Не получив ответа на угрожающий свой вопрос, Шонин еще что-то приготовился сказать, но тут Роман понял, что пришла пора осадить зазнавшегося председателя.
– А газеты, надо не только читать, но еще и понимать, что читаешь.
– Ага! – воскликнул Шонин, никак не ожидавший возражений. – Кто таков? Это что такое за человек?..
Он как-то боком, по-петушиному пошел на Боева, и бородатые его спутники двинулись за ним, угрожающе поигрывая плечами.
– Корреспондент это, – впервые засмеялся Крутилин, предвкушая неминуемое шонинское поражение. – Корреспондент и уполномоченный райкома.
Но и тут вывернулся находчивый председатель: он тоже заиграл плечами, но уже совсем не угрожающе, а скорее угодливо, и, подойдя к Роману вплотную, протянул руку с таким радушием, словно несказанно был осчастливлен приятной встречей.
– Желательно мне, – проговорил он, хотя и приветливо, но в то же время с некоторым высокомерием или вызовом, – желательно с вами познакомиться и иметь сурьезный разговор…
– А знамя-то зачем? – спросил Роман строго и даже осуждающе. – Знамя надо уважать, а вы его в пыли треп лете.
– Свернуть знамя, – приказал Шонин.
– Ну вот, теперь начнем разговор о весне, – сказал Роман и – к Крутилину: – Зови гостей в хату, Илья Иванович.
15
Старик Исаев распахнул тяжелый сторожевский тулуп.
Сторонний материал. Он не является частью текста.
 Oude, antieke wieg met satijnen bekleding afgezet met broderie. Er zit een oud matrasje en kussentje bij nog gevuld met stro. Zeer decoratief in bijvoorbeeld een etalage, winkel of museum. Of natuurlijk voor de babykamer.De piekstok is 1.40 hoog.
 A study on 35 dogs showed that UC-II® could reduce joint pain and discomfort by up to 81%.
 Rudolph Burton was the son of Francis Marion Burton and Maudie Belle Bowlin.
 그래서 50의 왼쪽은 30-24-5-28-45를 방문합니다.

Теплая ночь стояла над землей, и будто не тучи, а мохнатый тулуп обволакивает весь мир, и в тишине громче слышится, как гремят ручьи, сбегая с пригорков.
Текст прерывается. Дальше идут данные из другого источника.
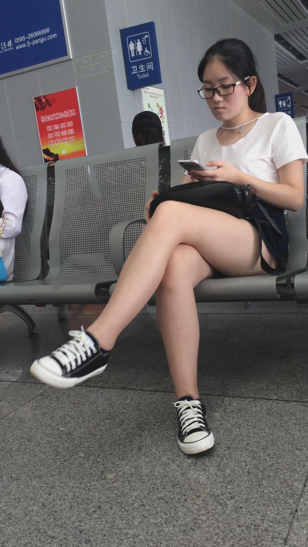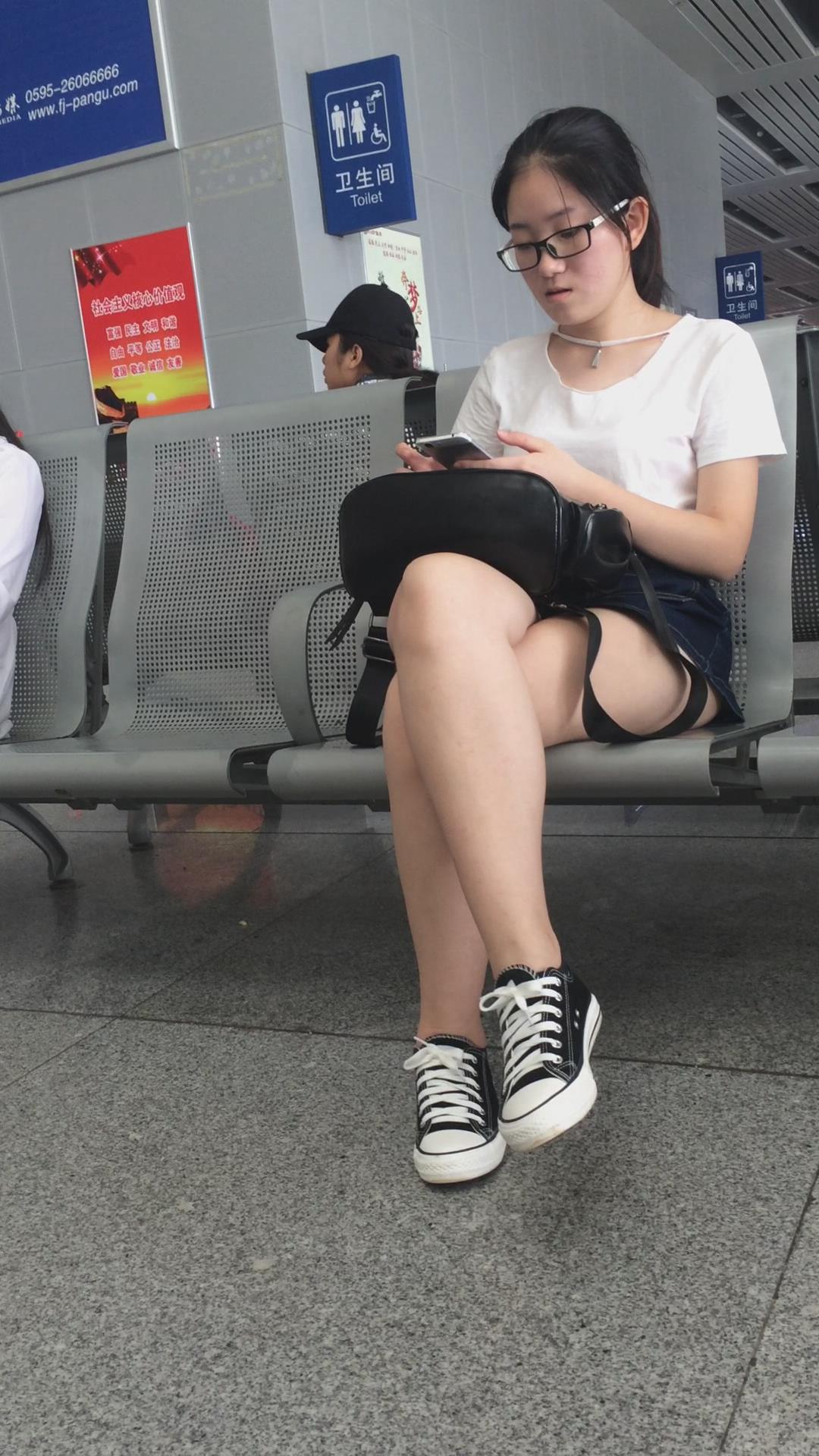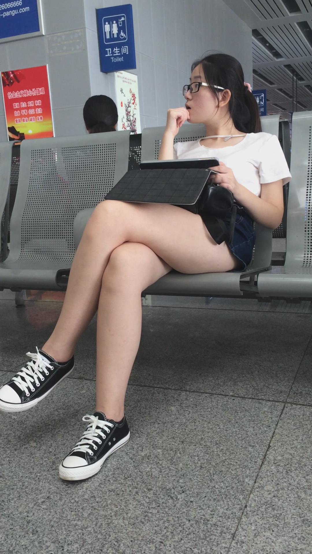 高铁候车室拍摄白腿帆布鞋眼镜妹 编号3009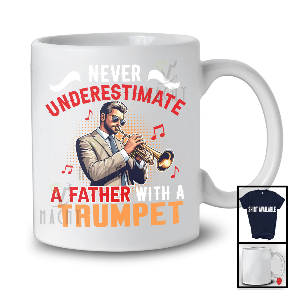 Never Underestimate A Father With A Trumpet, Amazing Father's Day Musical Instruments Player T-Shirt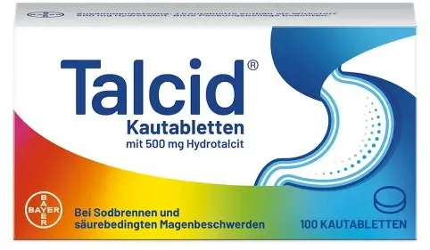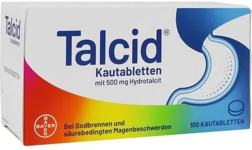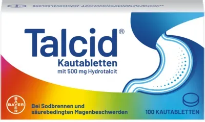 0,24 /Stück - Kategorie: Arzneimittel - Bayer - GTIN:4150019216827 - PZN:01921682 - Wirkstoff: Hydrotalcit Anwendungsgebiete: Zur symptomatischen Behandlung bei Sodbrennen und säurebedingten Magenbeschwerden. - 23,77 Euro bei medikamente-per-klick.de - gefunden von billiger.de ayvita.de verkauft Talcid Kautabletten 100 St für 24,34 Euro, ein wettbewerbsfähiger Preis. ![]() ![]() Bayer TALCID Kautabletten 100 St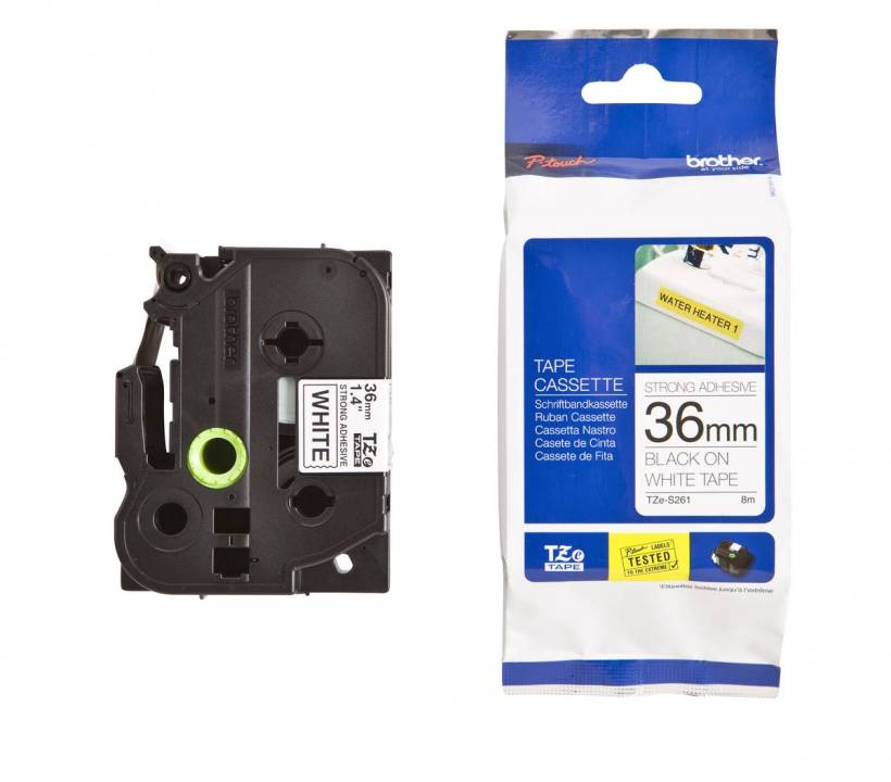 Schriftband TZe-S261 (extra st.) Schwarz auf Weiß 36 mm x 8 m

Из общежития доносятся приглушенные голоса. Исаев крутит головой: беда, до чего Шонин горяч! А наш – как дуб. Не сломишь. Как он Шонину-то: «Совесть надо перед государством иметь». А тому все смех: «Победителей, говорит, не осуждают». Победитель. Сколько хлеба колхозникам недодал, обман свой прикрывал. Конечно, – думает Исаев, – наш-то Крутилин своего поту не жалеет, это верно, но уж и чужого выжмет, дай бог ему здоровья. Кто тут хуже, кто лучше, ни хрена не разберешь.
Весенняя ночка хотя и не особо долгая, однако все передумаешь-передремлешь, пока холодная зорька ознобит. Зорька ознобит, зато денек согреет. Дни-то шибко горячи пошли. И что ни день, то новое удивление.
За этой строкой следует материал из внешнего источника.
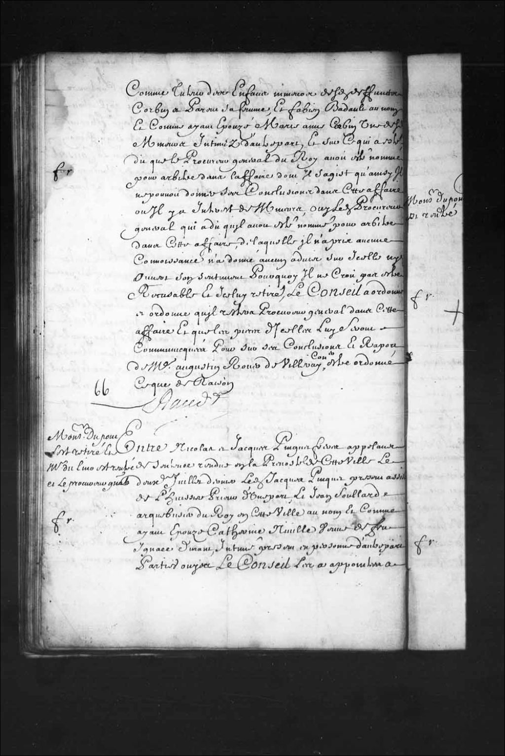 - Transcription du texte avec orthographe modernisée : «Monsieur Dupont s'est retiré et Monsieur Delino (De Lino) est rentré et le procureur général. Entre Nicolas et Jacques PINGUET frères appelant de sentence rendue en la prévôté de cette ville le deuxième juillet dernier ledit Jacques Pinguet présent assisté de l'huissier Prieur d'une part, et Jean SOULLARD (Soulard) arquebusier du Roi en cette ville au nom et comme ayant épousé Catherine Miville veuve de feu Ignace durant (Durand) , intimé présent en personne d'autre part. Parties ouïes, le Conseil les a appointées à mettre les pièces dont elles entendent se servir par-devant maître Mathieu François Martin Delino (De Lino) conseiller pour à son rapport leur être fait droit ainsi que de raison. RAUDOT.»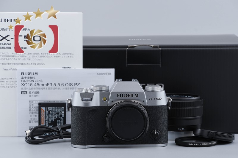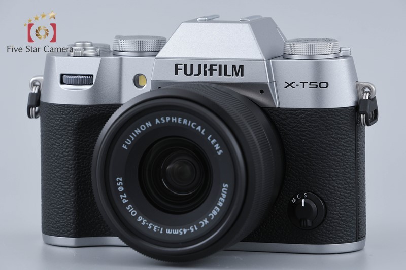 【中古】FUJIFILM 富士フイルム X-T50 XC 15-45mm レンズキット シルバー シャッター回数僅少 元箱付き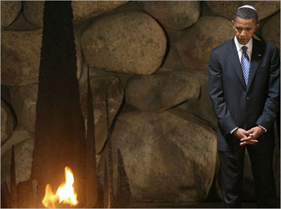 奧巴馬的每一站似乎都象征著什么:在以色列猶太大屠殺紀念館里默哀點火;參觀了正在重建的被哈馬斯火箭彈摧毀的民房;分別會見了以色列總理埃胡德·奧爾默特和巴勒斯坦民族權力機構主席阿巴斯,奧爾默特還對他說“上帝保佑你”。

Умаявшись от беспокойных ночных дум, Исаев поправил сползающий с толстого овчинного плеча ремень берданки и поуютнее прислонился к стене амбарчика. Приятно хрустнула под валенком хрупкая ледяная корочка. Подмораживает – утро близко.
Из степи тянет разными ветрами: то холодком потянет, то вдруг пойдет теплая струя, душистая, как из перезимовавшего сенного скирда. Удивительно, откуда берется такой сытный запах в талой весенней степи?
Разные ветры идут по степи, спокойные, родные, знакомые. Вот сейчас самое время и вздремнуть вполглаза по-заячьи, по-сторожевски. Исаев зевнул с такой крепкой сладостью, что даже слеза выжалась. Но он тут же распахнул глаза и беспокойно потянул носом. Керосин. С чего это вдруг в степи запахло керосином? Присмотрелся. В предрассветной непрочной темноте далеко, у самой дороги, рассмотрел бестрепетный веселый огонек. Откуда он взялся? В такое время? Горит, не дрогнет, словно в хате оконце. Что за история? Вечером ничего не было там, а сейчас – дом. Откуда?
Ничего не понимая, Исаев насторожился. Вот в степи возникли голоса. Люди шли не таясь.
Голоса приближались. Двое парней остановились на дворе, под фонарем, не зная, куда идти дальше. Исаев спросил из темноты:
– Вам чего?
– Нам воды, – ответил один из пришедших, встряхнув большим ведром.
Исаев вышел к ночным посетителям. Это были совсем молодые парни, по всей вероятности, трактористы. Одежда лоснилась от масла и пахла керосином.
– Вода у нас в колодце, – ответил старик не торопясь. – А вы откуда? Вижу огонь, а что такое – не знаю.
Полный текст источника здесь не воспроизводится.